The average person now manages 120 personal passwords, down from a peak of 168 in 2024. NordPass's annual study, conducted on World Password Day, records the first decline since the firm began tracking credential volumes in 2020.
The survey, which polled 1,509 NordPass users in April 2026, attributes the reversal to two converging trends: the growing habit of authenticating through major identity providers (Google, Apple, Facebook) rather than creating new credentials, and the accelerating rollout of passkey support by services and platforms.
Work passwords fell by a proportionally similar margin. The average user in 2024 was managing 87 business-related passwords; that figure has dropped to 67 in 2026.
Karolis Arbačiauskas, head of product at NordPass, said the findings came as a surprise given that the overall number of digital services continues to expand. He attributed the decline to SSO adoption, passkey promotion, and Apple Face ID, noting that NordPass's own passkey offering may have contributed to the shift.
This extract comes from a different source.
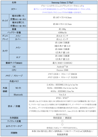 <主な仕様 :「Samsung Galaxy Z Flip7」

The data was a bit surprising, given the global growth in digital services and accounts," says Karolis Arbačiauskas, head of product at password manager company NordPass. "However, we have several ideas as to what might have caused the average count to go down. Users are increasingly opting for the convenience of logging in through single sign-on (SSO) with their primary account, such as Google, Apple, or Facebook. The growing adoption and promotion of password alternatives like passkeys, Apple Face IDs, and WebAuthn are also contributing to this long-awaited decline. Our own offering of passkeys may also have played a role in this trend."
The research carries a caveat. The raw password count has declined, but the number of accounts and associated credentials overall has not. Arbačiauskas flagged a specific risk in the SSO pattern: around 60% of Americans and Brits reuse passwords across accounts, which means single sign-on authenticated with a weak or repeated password concentrates rather than eliminates credential risk. Forgotten accounts present a separate exposure, because users often miss breach notifications for services they stopped using.
The data also marks a six-year progression. In February 2020, just before the pandemic, the typical user held around 80 passwords. That number climbed by 25% in the first eight months of lockdown and continued rising until this year. The 2026 study is the first to show a reversal.
Passkeys, which replace passwords with device-stored cryptographic keys and biometric authentication, remain Arbačiauskas's recommended path forward. He described them as currently the most secure and convenient authentication method available.